Ludwig asintió dando las buenas tardes y se fue. Felicia suspiró pesadamente apenas cerró la puerta. ¡Rayos! ¡¿Por qué es tan difícil fingir ante ese alemán tan guapo?! No, espera, ¿guapo? ¿Acaso pensó en esa palabra para referirse a su vecino? De acuerdo, el cambio de horarios y el clima debían estarla afectando si un tipo como él le elevaba los nervios de forma extraordinaria.

—¿Quién era, Felicia? —Se escuchó de Lovino, muy cerca de ella.

Se volteó para verlo con el ceño fruncido y cruzado de brazos. No, su hermano no estaba feliz. Pero no podía perder el control, puso su mejor sonrisa y se auto-convenció que su actitud anterior se debía a la vergüenza y no por otra cosa que no deseaba ni mencionar. ¡Ejém! ¿Segura que no? ¡No! Esta vez su subconsciente no lograría molestarla. No pensaría en cosas como esas, sólo conocía a Ludwig desde hace unas horas y además…

—Estoy esperando, —arrastró las palabras Lovino, sacándola de sus pensamientos contradictorios.

—¡Oh, sí! —Se aclaró la garganta y alejó de su mente de cosas sin sentido—. ¿Recuerdas al vecino que tiene tres grandes… —control, mucho control— perros?

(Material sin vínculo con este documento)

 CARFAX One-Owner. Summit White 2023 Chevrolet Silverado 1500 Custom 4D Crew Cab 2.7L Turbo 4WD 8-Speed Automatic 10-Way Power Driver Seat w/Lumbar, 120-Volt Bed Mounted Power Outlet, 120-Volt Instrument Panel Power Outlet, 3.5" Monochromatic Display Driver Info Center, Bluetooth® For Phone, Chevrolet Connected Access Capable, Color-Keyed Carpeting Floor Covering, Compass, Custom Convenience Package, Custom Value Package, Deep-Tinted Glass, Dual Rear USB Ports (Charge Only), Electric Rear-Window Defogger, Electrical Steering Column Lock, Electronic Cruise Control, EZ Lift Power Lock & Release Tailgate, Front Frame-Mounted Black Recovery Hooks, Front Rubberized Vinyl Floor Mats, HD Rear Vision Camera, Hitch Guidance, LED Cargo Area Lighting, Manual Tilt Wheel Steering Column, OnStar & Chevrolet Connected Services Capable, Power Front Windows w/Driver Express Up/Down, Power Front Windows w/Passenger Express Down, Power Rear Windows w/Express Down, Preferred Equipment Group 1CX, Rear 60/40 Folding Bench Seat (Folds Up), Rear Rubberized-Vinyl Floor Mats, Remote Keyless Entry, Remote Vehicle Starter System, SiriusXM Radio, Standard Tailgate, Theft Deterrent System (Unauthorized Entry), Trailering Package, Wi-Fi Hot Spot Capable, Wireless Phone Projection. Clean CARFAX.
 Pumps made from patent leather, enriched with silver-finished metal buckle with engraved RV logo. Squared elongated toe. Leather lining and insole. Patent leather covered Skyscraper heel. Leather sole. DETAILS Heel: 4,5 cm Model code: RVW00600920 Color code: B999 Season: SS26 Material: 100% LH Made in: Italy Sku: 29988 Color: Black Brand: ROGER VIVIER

—¿Ajá…? —Su expresión no cambiaba.

—Pues resulta que nos acaba de traer la cena, —dijo feliz mientras alzaba el tazón frente a su hermano—. Ya no tienes que trabajar por hoy.

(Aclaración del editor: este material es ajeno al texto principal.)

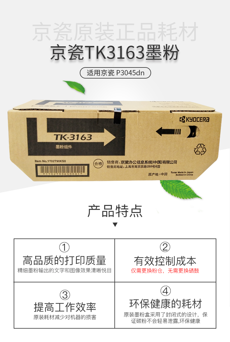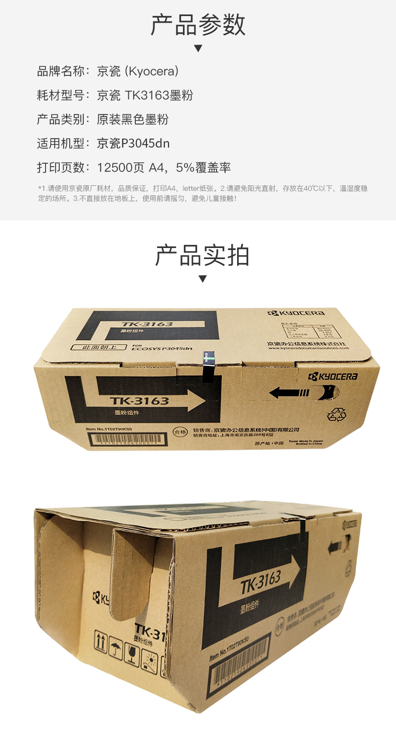 • 商品名稱:京瓷(KYOCERA)TK-3163墨粉盒 適用P3045dn機(jī)型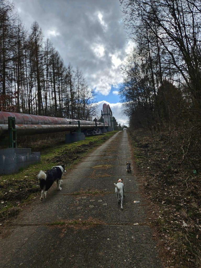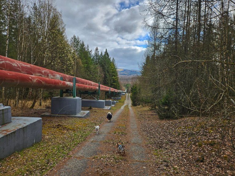 We took our favorite loop trail, which leads along the heating pipes supplying the city, past Lake Medard, and back home through the town center.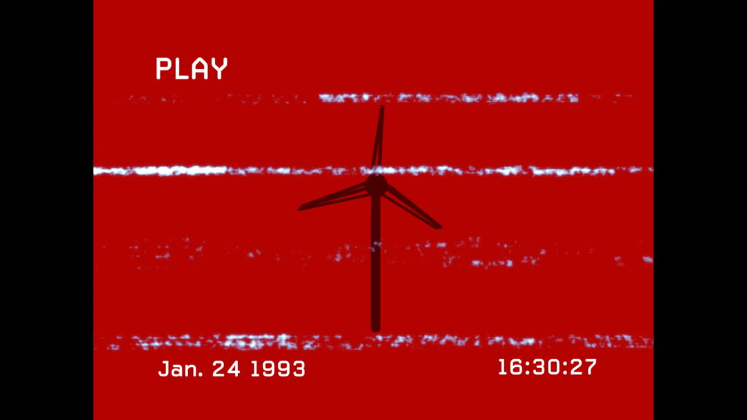 Animated depiction with a vintage video cassette overlay features a wind turbine icon and disrupted glitch effects against a bold red background. The nostalgic date and time stamp evoke early 1990s aesthetics, portraying a connection between past technology and contemporary sustainable solutions. Ideal for content related to sustainable energy, retro technology themes, environmental campaigns, or digital design projects focusing on multimedia trends from the 90s.

Y Lovino suspiró. Él tampoco quería perder el control. Sin demostrar agradecimiento o desprecio preguntó que si sólo era por eso. Felicia le respondió que quería darles una bienvenida y una disculpa por lo que pasó en la mañana. Si Lovino sintió algo con respecto a eso no lo demostró, simplemente bufó antes de anunciar que la comida estaba lista pero que él no comería.

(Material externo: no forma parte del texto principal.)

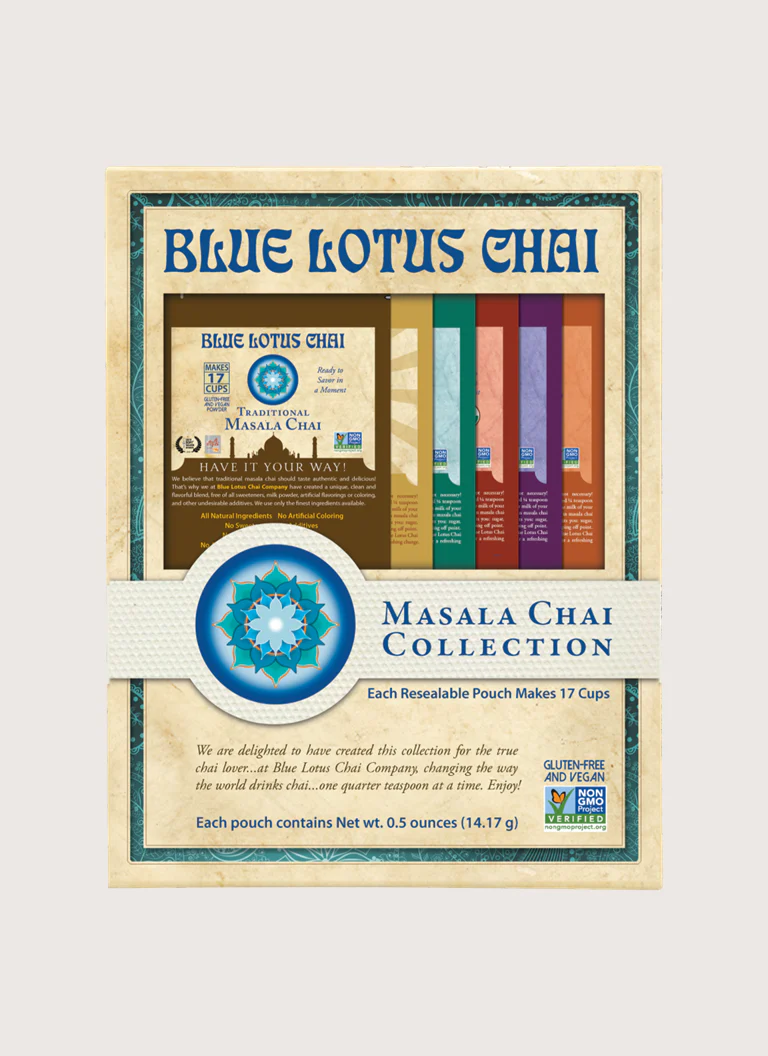 Our Masala Chai Collection is an economical and enticing way to try all six of our masala chai varieties. Each stand-up chai pouch makes 17 cups of delicious, authentic masala chai. Whether for yourself or a loved one, our Masala Chai Collection is the perfect gift for the chai lover in your life!

Felicia no insistió, su hermano era tan quisquilloso y hasta malhumorado que cualquier palabra sólo lo haría enojar. Sus padres se mostraron agradecidos con tal presente y le pidieron a su hija que invitara a Ludwig al día siguiente para un almuerzo que harían con otros vecinos. Sin conocerlo y ya les caía bien por lo que querían saludarlo y convivir en persona; Felicia les había contado lo sucedido, claro, evitando cómo se había sentido por él… Lovino no quiso mostrarse maleducado y tuvo que aceptar a regañadientes la idea de sus muy amables y simpáticos padres.

Pero entonces Felicia se sintió a morir. ¿Por qué? Bueno es simple. Sus padres le dijeron que invitara a Ludwig a un almuerzo. Ella tendría que ir no sólo a dejarle el tazón ya limpio, tendría que hablarle por más tiempo. Su hermano no podía ayudarla, él tenía que ayudar a sus padres y estaría casi toda la mañana afuera. Felicia tendría que acercase a la casa con tres grandes canes los cuales no podía ni ver… Tenía que hablarle al vecino que miraba atractivo y el cual posee tres bonitas y temibles mascotas. Oh sí, eso sería un poco complicado.


¡Buenas! Lamento la tardanza, no sé por qué la inspiración no me daba para poder avanzar con el fic aunque ya tenía la idea de lo que quería. Ehm, como sea, espero les guste el capítulo y esperen el próximo con ánimo.

No sé si en Alemania tienen esa costumbre de dar regalos a los nuevos vecinos como en las series estadounidenses, pero de todas formas tiene un propósito y se va a explicar pronto.